To be more precise, the monolithic-definition problem comes from marketers. Attracted to this generation's estimated $200 billion annual buying power, they hamfistedly attempted to retrofit 75 million people with a single personality (social consciousness and small business good, home ownership bad!), only to find that a cohort this huge is harder to pin down than expected.

Is it any surprise, though, that the generation born in the era of castrated labor unions and the shrinking middle class turned out to be made up of fairly agnostic, value-conscious consumers? Millennials may display an inherently sophisticated grasp of branding and a willingness to display brand loyalty via social media, but on an individual level, they're often saddled with debt and lack the capital to fully buy into their brands of choice. So, for the style-conscious among them, a double-tap on that Marc Jacobs Instagram will have to do.
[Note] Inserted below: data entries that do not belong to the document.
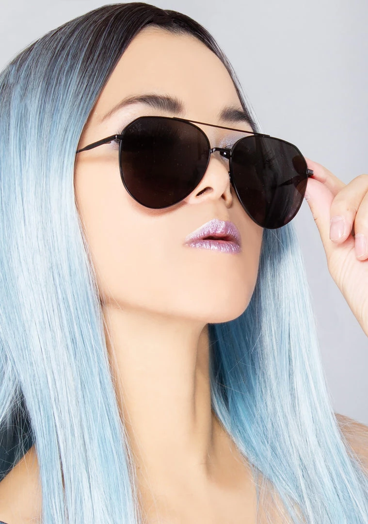 Let’s get down to business with rocking in the Dash sunglasses from DIFF Eyewear. These slick, festival sunglasses feature a lightweight matte black colored aviator metal frame with black lenses polarized lenses, and comfy nose pads. With these badass sunglasses no one will dare get in your way!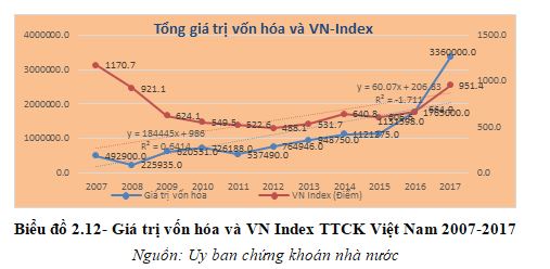 biểu đồ 2.13- Giá trị ∨ốn hóa và VN Index TTCK Việt Nam 2007-2017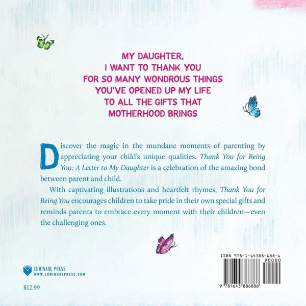 My daughter, I want to thank you For so many wondrous things You've opened up my life To all the gifts that motherhood brings Discover the magic in the mundane moments of parenting by appreciating your child's unique qualities. Thank You for Being You: A Letter to My Daughter is a celebration of the amazing bond between parent and child. ¿With captivating illustrations and heartfelt rhymes, Thank You for Being You encourages children to take pride in their own special gifts and reminds parents to embrace every moment with their children-even the challenging ones.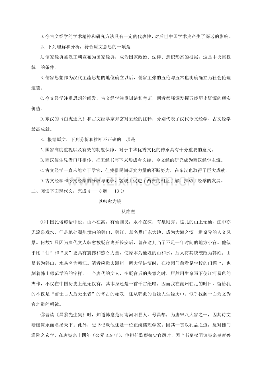 8、本文的标题是“以韩愈为镜”。从全文看,韩愈“镜”的作用体现在哪两个方面?请作具体说明。(4分)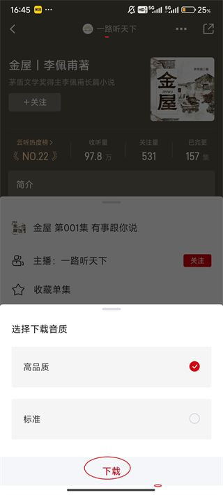 2、选择想要下载的听书,点击即可。

It might be instructive to remember that, just as the term "Generation X" was never meant to represent all those who came of age in the '80s and '90s — but rather a specific, college-educated, often white and alternative-leaning subset of that group — neither can a marketing buzzword possibly encompass everyone from young heads of households in the heartland to urban-dwelling creatives with curated Instagram feeds and disposable income to burn.

One thing's for sure: The fashion world may have adopted "basic" as the go-to descriptor for all things downmarket and undesirable — but "basics" still seem to be at the heart of what millennials want to buy. In the end, maybe the most rebellious thing about millennials is that they refuse to spend money in the aspirational ways brands want them to.